Run status group 0 (all jobs):
WRITE: bw=929KiB/s (951kB/s), 929KiB/s-929KiB/s (951kB/s-951kB/s), io=11.1MiB (11.7MB), run=12290-12290msec


And again atrocious values. 230 IOPS, 1MB/s throughput.

I am very sure this is due to some misconfiguration on my part but being the noob I am I have trouble seeing it.

Here are the pools. newstorage is the spindles containing, ignoring my test zvol, only filesystems. virtualmachines, as the name sugests, is the NVMe pool for ESXi:

pool: newstorage
state: ONLINE
scan: scrub repaired 0B in 05:03:45 with 0 errors on Sun Jan 28 05:03:45 2024
config:

NAME STATE READ WRITE CKSUM
newstorage ONLINE 0 0 0
raidz1-0 ONLINE 0 0 0
da1 ONLINE 0 0 0
da3 ONLINE 0 0 0
da5 ONLINE 0 0 0
da7 ONLINE 0 0 0
da9 ONLINE 0 0 0
da12 ONLINE 0 0 0
raidz1-1 ONLINE 0 0 0
da2 ONLINE 0 0 0
da4 ONLINE 0 0 0
da6 ONLINE 0 0 0
da8 ONLINE 0 0 0
da10 ONLINE 0 0 0
da13 ONLINE 0 0 0
spares
da14 AVAIL
da11 AVAIL

errors: No known data errors

pool: virtualmachines
state: ONLINE
scan: scrub repaired 0B in 00:38:23 with 0 errors on Sun Feb 18 00:38:57 2024
config:

NAME STATE READ WRITE CKSUM
virtualmachines ONLINE 0 0 0
raidz1-0 ONLINE 0 0 0
gptid/4665d5bf-4a44-11ed-9615-002590f39cea ONLINE 0 0 0
gptid/4668c633-4a44-11ed-9615-002590f39cea ONLINE 0 0 0
gptid/466c8862-4a44-11ed-9615-002590f39cea ONLINE 0 0 0


My understanding is that a ZIL makes sense on slower disks only. Under the assumptin that the NVMe should be plenty fast, I left it out. L2ARC should be a read cache and have no impact on my issues, right?
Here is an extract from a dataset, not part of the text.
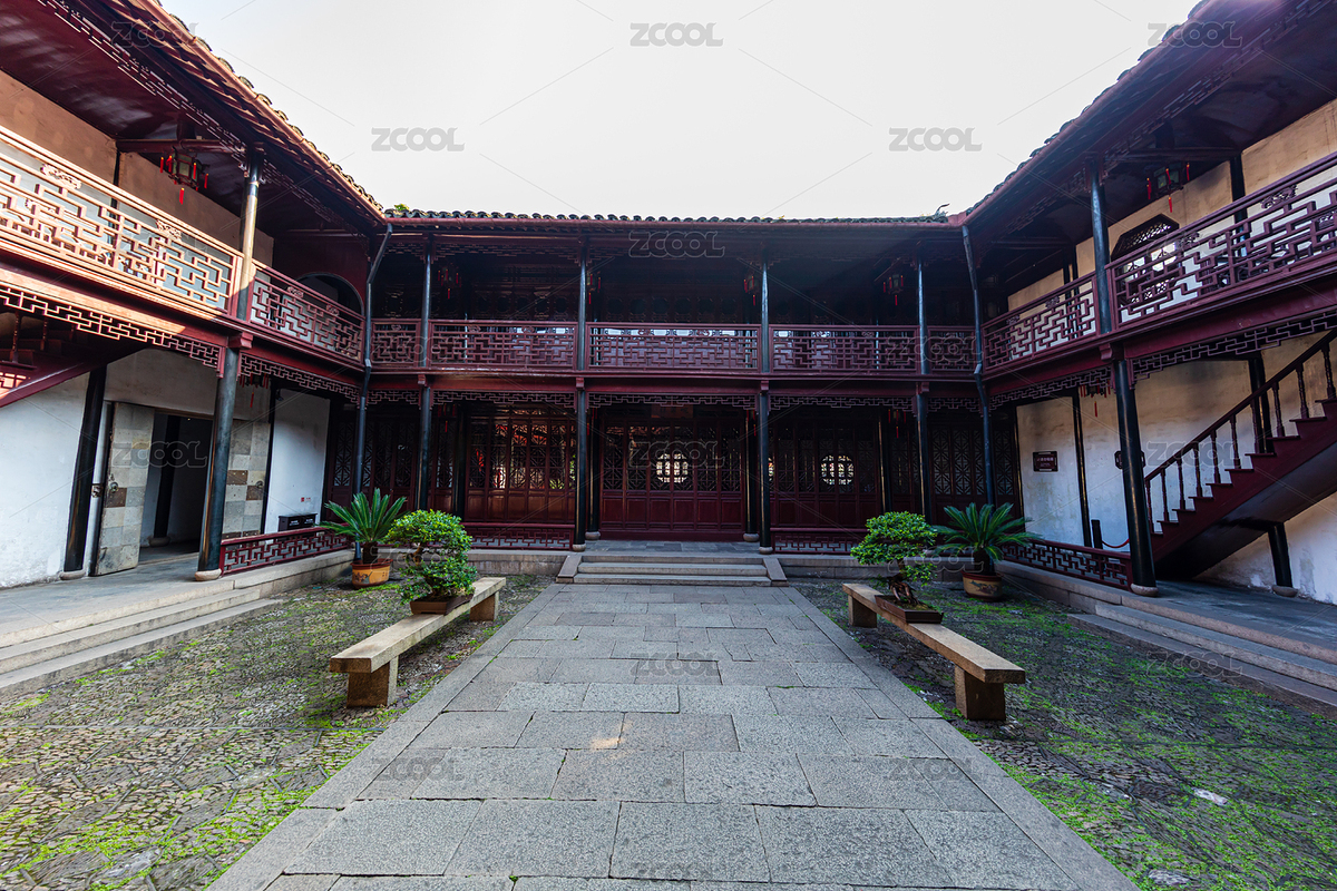 中国安徽黄山唐模古镇里的大宅庭院风光
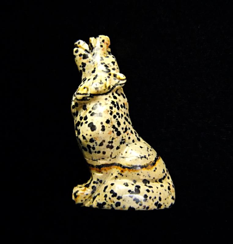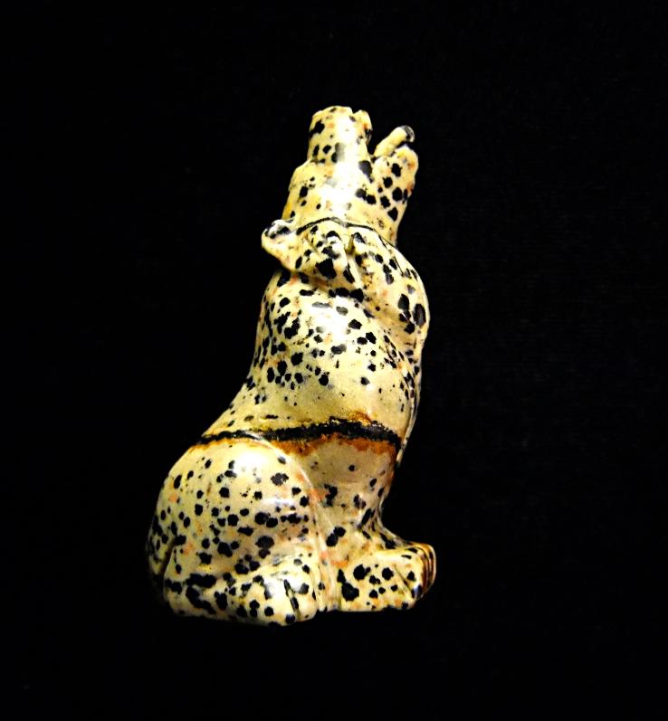 carving of a wolf in dalmation jasper. ,

The gumsticks behind the NVMe are Crucial P2. Certainly nothing too elaborate, but I would still expect more than 300 IOPS.

TrueNAS is running as a VM on ESXI, the Host's HBA and the NVMes being pcipassthroughed to it. It's a poor man's hyperconverged setup. The VM has 8 cores and 12GB ram. Is it possible that I am RAM constrained due to dedup?

Any other ideas what I could have a look at here?
 

chuck32

Guru
Joined
Jan 14, 2023
Messages
623
Just to get you started, please list all your hardware in detail please and use CODE tags.

My understanding is that a ZIL makes sense on slower disks only.
ZIL is by default present on a pool, you mean L2ARC SLOG.

TrueNAS is running as a VM on ESXI, the Host's HBA and the NVMes being pcipassthroughed to it.
Are the nvmes individually passed through? Guide on virtualization

I don't have a resource at hand, but don't use dedup. When fast dedup is available you may rethink that, as of now stay clear of it. It's ressource intensinve and will hurt performance.
 
Last edited:

Etorix

Wizard
Joined
Dec 30, 2020
Messages
2,134
Is it possible that I am RAM constrained due to dedup?
Not "possible": Certain!
Run zpool status -D.
You'll get a breakout of the DDT by size, indicating how much you're gaining (probably not enough to make it worth), and a line
dedup: DDT entries #########, size 1.47K on disk, 167B in core
Multiply the number of entries by "on disk" and you have the size of the DDT in the pool; multiply entries by "in core" and you have the size of what ZFS wants loaded in RAM at all time: If it doesn't fit, TrueNAS is swapping, on each and every operation—and here go your hopes of performance.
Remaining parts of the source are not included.